Materials and methods
This cross-sectional study included 59 patients without comorbid disease who had HP and 30 healthy controls without HP in upper endoscopic biopsy. In order to assess atherosclerosis, the CIMT measurement was performed by sonography. Serum GDF-15 level was measured by ELISA method. In all patients, atherosclerosis markers were recorded. Atherogenic indices were calculated, including Castelli risk index I and II (TG/HDL-c and LDL-c/HDL-c, respectively), plasma atherogenic index (PAI; log TG/HDL-c), non-HDL-c (TH-HDL-c) and atherogenic coefficient (AC; non-HDL-HDL-c).
Results
The GDF-15 level and CIMT were significantly higher in HP-positive group when compared to HP-negative group (p ≤ 0.001). There was a significant correlation between serum GDF-15 level and CIMT (r = 0.445; p ≤ 0.001). There was no correlation between other atherosclerosis markers and serum GDF-15 level or CIMT. The bacterial intensity on endoscopic specimen was only correlated with CIMT (p < 0.001).
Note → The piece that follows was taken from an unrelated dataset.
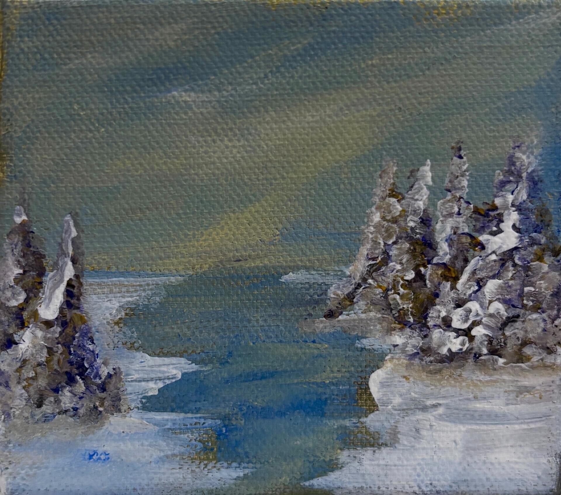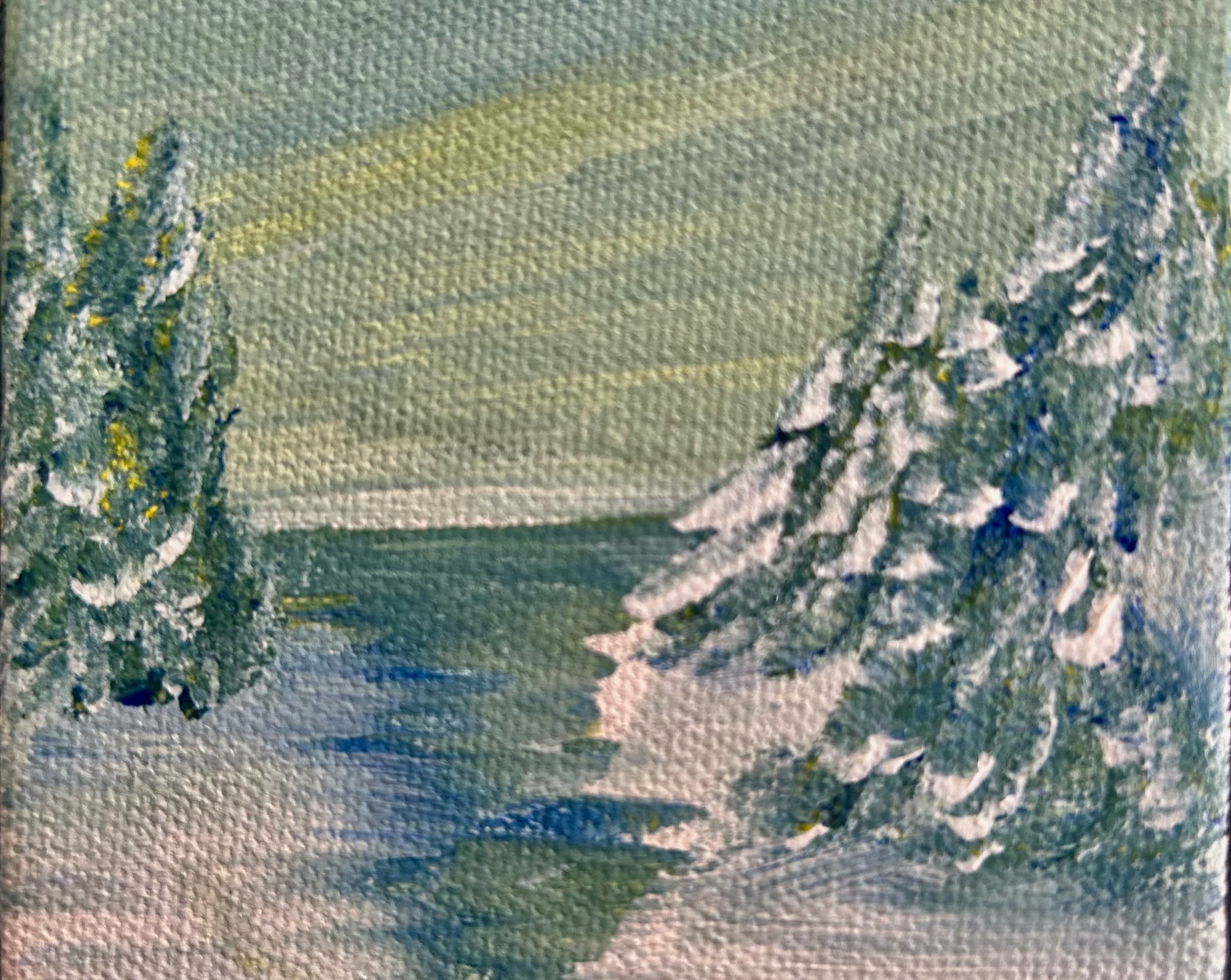 Jane Lavender,Winter Wonderland,Acrylic, 3×3, $40, SOLD

Vitamin B12 and D levels were comparable among groups.
Conclusion
This study suggested that there was a correlation between GDF-15 level and subclinical atherosclerosis development in patients with HP. However, GDF-15 level, which was found to be elevated while atherogenic indices were normal, can be an earlier marker for subclinical atherosclerosis.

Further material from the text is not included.